# sentura Limited Edition



## ZooYork (Jun 23, 2004)

i have the 94 limited edition...whats so special about it?

why is it a limited edition?


----------



## nacho_nissan (Jun 12, 2003)

"better" interior, and a tach. and...powered windows/locks? i think thats it.


----------



## ZooYork (Jun 23, 2004)

no i got no power n e thing...n the spedometer is broken


----------



## xtremegroat (Jun 2, 2004)

nacho_nissan said:


> "better" interior, and a tach. and...powered windows/locks? i think thats it.


it also had the ser bumpers,and fog lights, and it came with a spoiler


----------



## ZooYork (Jun 23, 2004)

ahha thats it


----------



## skyliner46 (Jun 14, 2004)

nacho_nissan said:


> "better" interior, and a tach. and...powered windows/locks? i think thats it.


i think it is just because it is a four door and power options because i have a 94 sentra and it has gray cloth interior with little multicolored lines that is "better" and it doesn't have a tach.


----------



## skyliner46 (Jun 14, 2004)

xtremegroat said:


> it also had the ser bumpers,and fog lights, and it came with a spoiler


 a lot of limited editions don't have the fog lights or the spoiler as for the ser bumper some do


----------



## Sentra 93 XE (May 24, 2004)

I got a LE, and it doesnt have a tach or fogs...I wish it had fogs though,


----------



## hotboy (May 1, 2002)

the only factor that makes a sentra a Limited edition is that they produced a bunch of them at the end of 1994 so if you have a LE, that means your car was produced the latter part of 1994 which makes is a 1994.5


----------



## xtremegroat (Jun 2, 2004)

every limited i've seen has been 2 door and they look just like the ser
they also had a little tag on the side of the car that said limited edition in gold

o well what ever is so special about them you should pull the engine and drop a sr20 in it :thumbup:


----------



## ZooYork (Jun 23, 2004)

mine is just 2 door with tach...wish i had the cash to drop a sr20 in...

got n old dohc 1.6..wana lend me some cash?


----------



## skyliner46 (Jun 14, 2004)

my le is a 1994 four door


----------



## Sentra 93 XE (May 24, 2004)

hotboy said:


> the only factor that makes a sentra a Limited edition is that they produced a bunch of them at the end of 1994 so if you have a LE, that means your car was produced the latter part of 1994 which makes is a 1994.5



The lady that sold me mine, said it was a 1993.


----------



## bigrichbx (Jun 30, 2004)

i have a 1994 limited edition, no tach-which sucks. runs great, i love it, just one thing, i know many people here have asked this, but!!! i cant find an answer for the 1994 sentra. if i have a cluster from a 94 with a tach, is it a direct plug in to the original tach? or do i have to cut cables and stuff. sorry to ask this, i know people have asked a million times. but i keep finding answers for b14s or b12 or 11s


----------



## EhSteve (Mar 16, 2004)

> The lady that sold me mine, said it was a 1993.

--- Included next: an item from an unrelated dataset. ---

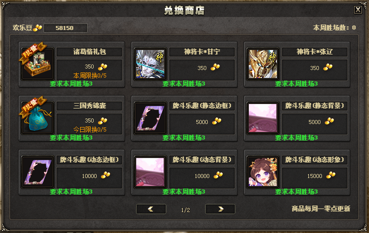 2、智斗三国兑换商店限购条件调整为:”本周胜场>=xx方可兑换奖励 “,且每个商品单独限制胜场数。同时限制逃跑期间账号不可兑换商店道具。
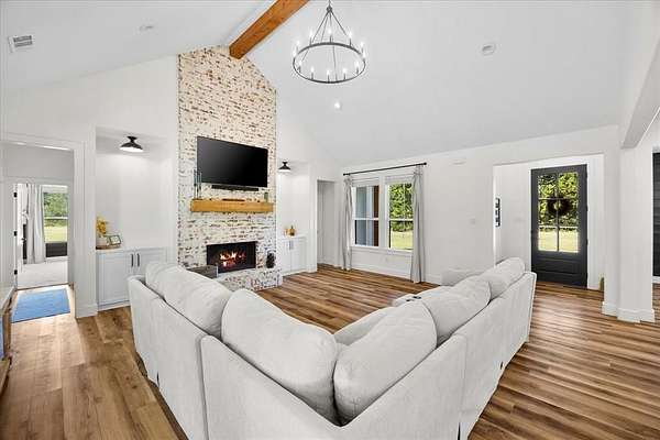 Beautiful 4 bedroom, 3.5 bath home situated on 2 private, fenced acres in the desirable Caddo Mills ISD. This property offers a thoughtful layout and high-end finishes throughout. The main living area features vaulted ceilings and an abundance of natural light. The gourmet kitchen is designed with quartz countertops, custom cabinetry, gas appliances, opening to a spacious dining area. Kitchen opens up to the living area with vaulted ceiling and decorative wood burning fireplace. A private study, mud bench off the garage entry, and a well-planned laundry room with space for a refrigerator provide both style and functionality. The primary suite is generously sized and includes a spa-like bath with a soaking tub, dual shower heads, and a custom walk-in closet. Secondary bedrooms include one with a private en-suite and two that share a convenient Jack and Jill bath. Upstairs, a large game room offers additional living and entertaining space. Outdoors, mature trees provide a natural green screen for privacy, while the 3-car garage adds ample storage and parking. This property combines elegance, comfort, and modern design in a serene setting.

There's a sticker inside your door that should indicate when the car was made.


----------



## skyliner46 (Jun 14, 2004)

bigrichbx said:


> i have a 1994 limited edition, no tach-which sucks. runs great, i love it, just one thing, i know many people here have asked this, but!!! i cant find an answer for the 1994 sentra. if i have a cluster from a 94 with a tach, is it a direct plug in to the original tach? or do i have to cut cables and stuff. sorry to ask this, i know people have asked a million times. but i keep finding answers for b14s or b12 or 11s



If you find an se-r gauge cluster with tach it is direct plug and play


----------



## bigrichbx (Jun 30, 2004)

skyliner46 said:


> If you find an se-r gauge cluster with tach it is direct plug and play


thanks a lot!


----------



## Sanyo (Dec 19, 2003)

skyliner46 said:


> If you find an se-r gauge cluster with tach it is direct plug and play


You positive? I know it isn't with 91 and 92..dunno bout LE tho.


----------



## toolapcfan (Jul 10, 2002)

skyliner46 said:


> If you find an se-r gauge cluster with tach it is direct plug and play


No it's not. You have to rewire numerous wires in the harnesses to make it work, as well as tap into the tach wire from the ECU. I did a write up about it in the February 2003 issue of NPM. In fact, any tach cluster from an SE, GXE or SE-R is the same cluster, and they all wire in the same way, the only difference being the redline indicator on the tachs and the MPH markers on the speedos, with the SE-R obviously being higher numbers on both. All of them need to have the harnesses in the car rewired to work in a car that didn't come with a tach. If you can cut the harnesses from the car the cluster came out of you can really make short work of the wire swapping process as long as you can read the printed circuit on the back of the clusters, to keep the right wire going into the right spot. You'll still have an extra ground wire, or need to add one (depends on a decision you make, see the write-up), and add the tach wire. 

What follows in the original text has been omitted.